How To Successfully Go No Contact With Toxic Parents? 8 Tips To Follow

In real life, is there an unfollow button for people, especially parents? If you are not in touch with your parents, here are 8 tips that can help you make your decision.

The hardest thing you will ever do is close the door on your past. It will also be the most empowering.

You can’t wake up one day and decide to cut your mother or father out of your life, but rather it’s a decision that comes after years of trying everything to maintain the relationship.

But something finally explodes inside you – you see that the cost of this connection is too high, and perhaps for the first time in your life, you choose yourself.

Related: Fake friends: 5 things they do and what you can do about it

#What does “no contact with parents” mean?

Before anything else, let me get this straight. “No Contact” is not just a silent treatment. Staying silent is abusive, and is done to control people as punishment by the narcissist. They use this tactic to hurt others and show that their feelings are invalid.

Many reasons can lead to someone not communicating with their parents, but usually, it’s because their dysfunctional behavior is asking too much of them. Mentally, emotionally, physically – you can’t pay that price anymore.

Society harshly judges those who stay away from their family members. If you’re on your first date, for example, and you say you don’t talk to your family members, that will be seen as a big red flag (and to some extent – it can be).

But things need context, and there’s certainly no room for such interpretation during small talk on a first date.

#So, here are 8 tips to not call your toxic parents

1. Set your limits and learn to stick to them

Mention triggers or signs that there is a problem and respectfully ask them to be attentive when they appear in conversation with each other – if they refuse or if the problem starts to arise anyway despite your request, disengage immediately and leave the conversation.

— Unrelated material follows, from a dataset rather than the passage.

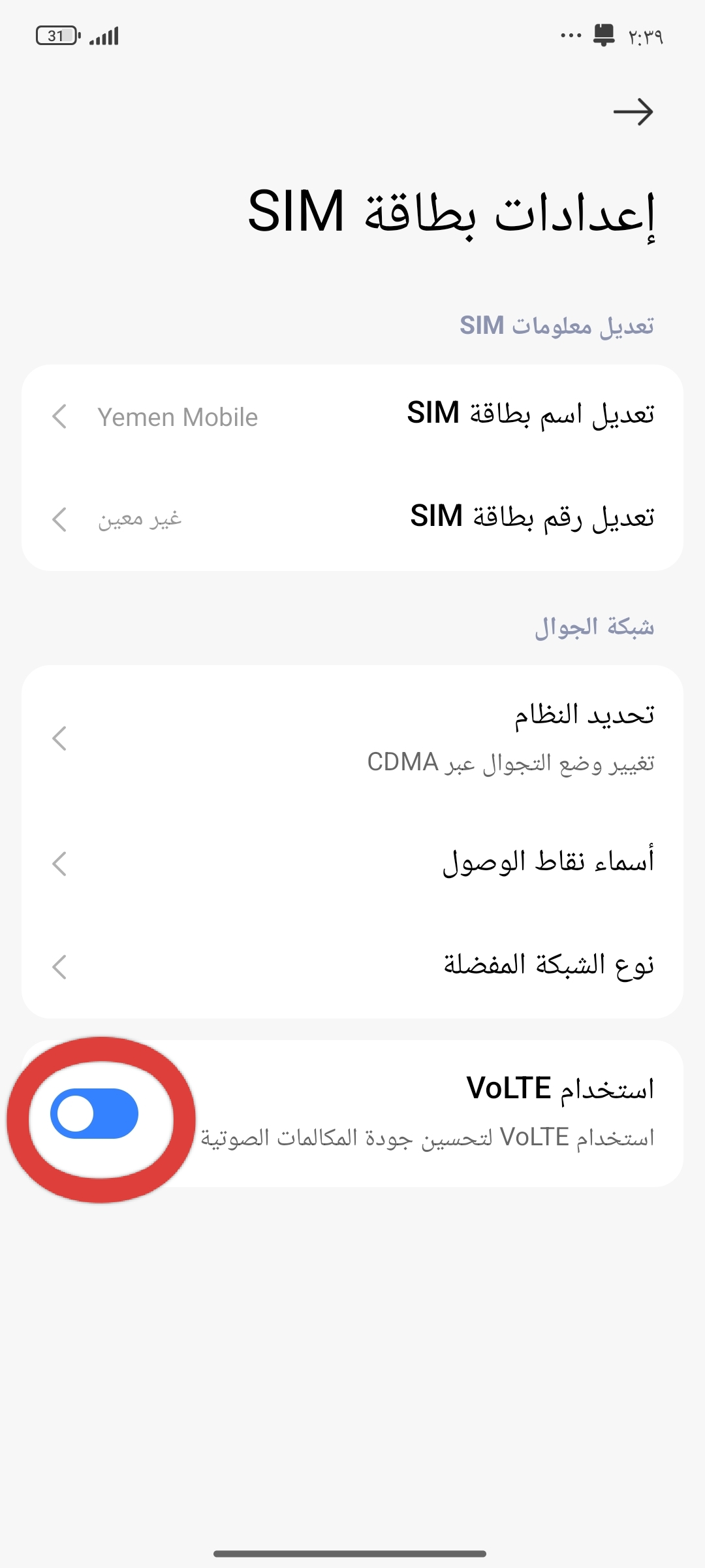 تفعيل VoLTE على الشريحة

Be firm – and do not allow any attempts to get drawn back into these arguments with them.

2. Stop trying to please them

You don’t need their approval or happiness; You need your own to move forward. Do what makes you happy, not what you think will make you happy.

3. Do not engage in arguments

Arguing or reasoning with a toxic parent is like beating a dead horse. He’d been beaten so many times that there was no momentum left in him – and he wasn’t going anywhere anymore.

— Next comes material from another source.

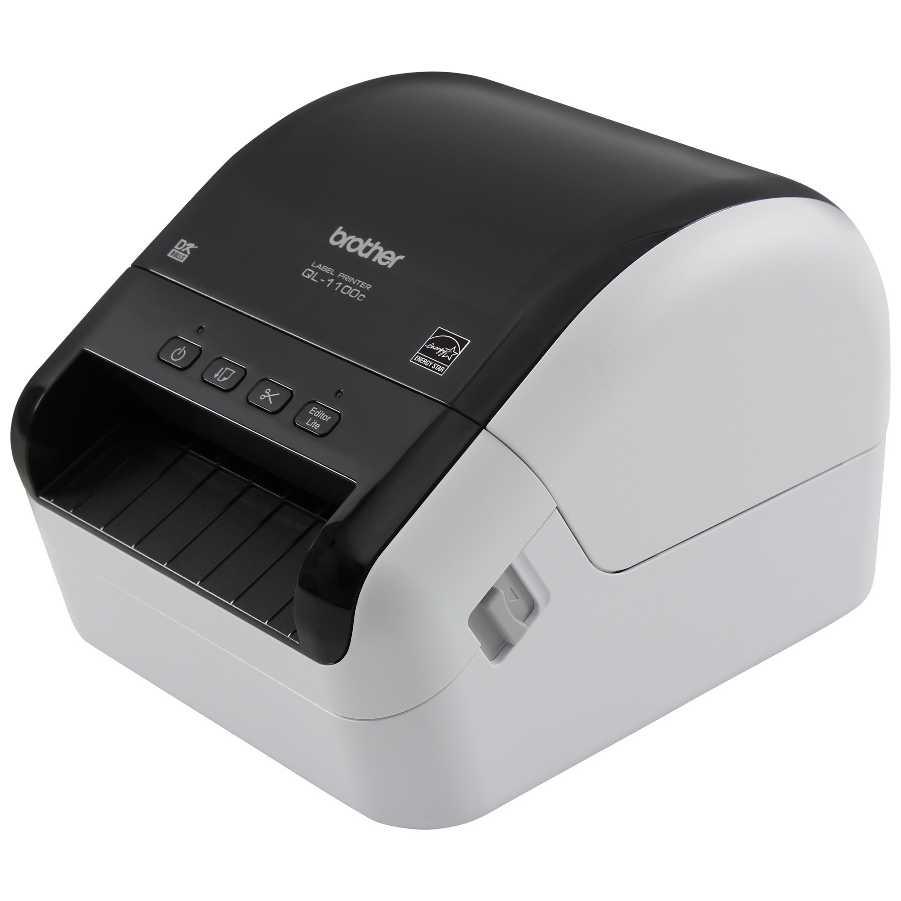 The Brother QL-1100c is a high-speed, business-quality label printer that prints cost-effective adhesive paper labels up to 4” wide for packages, envelopes and more using a USB connection to your PC or Mac. Print one or multiple labels at a time – even with barcodes. See full product description

They are the way they are and they are set in their way, no matter how good your points are, they won’t change their minds about much.

This can be very stressful for most people – when you argue with a narcissist, at the end of the argument you usually feel worse than before (and not just because you didn’t “win” the argument).

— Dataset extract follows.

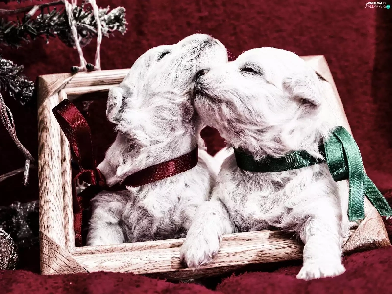 puppies, Wood, frame

4. Protect yourself from them

Your toxic mother or father will not change overnight because they are toxic, and they may blame you for everything, but you need to limit the extent of their influence on your life and emotions.

If the abuse continues despite your best efforts to avoid arguments and keep conversations civil and respectful by setting boundaries – it may be time to break off the relationship.

5. Get rid of the guilt

Not communicating with parents is a big decision. Doubts and guilt will always follow. But sometimes that’s just the way life goes. You have to prioritize your health and well-being above all else.

It is never your responsibility to fix or tolerate a harmful dynamic. So don’t feel guilty for taking this step towards healing yourself.

6. Seek therapy if necessary – it will help

One good tip for no contact with parents is that a therapist can help you discover these thoughts and offer solutions to help you maneuver around them. This will allow you to get through your day without these thoughts constantly getting in your way.

Therapy is essential to maintaining or improving your relationship, but don’t expect too much of it either.

7. You don’t need to change; They do

Only they can make a difference, and you can suggest treatment, but you have to accept that there is only so much you can do.

9. Take charge and control

You are the captain of your emotions when it comes to your relationship with your parents, now and in the future.

You can choose to be there during the holidays or not, and you can choose whether or not you want to be there for your parents when they need you.

No matter who is causing harm to you — just know that they do not love you. You must advocate for yourself because no one else will.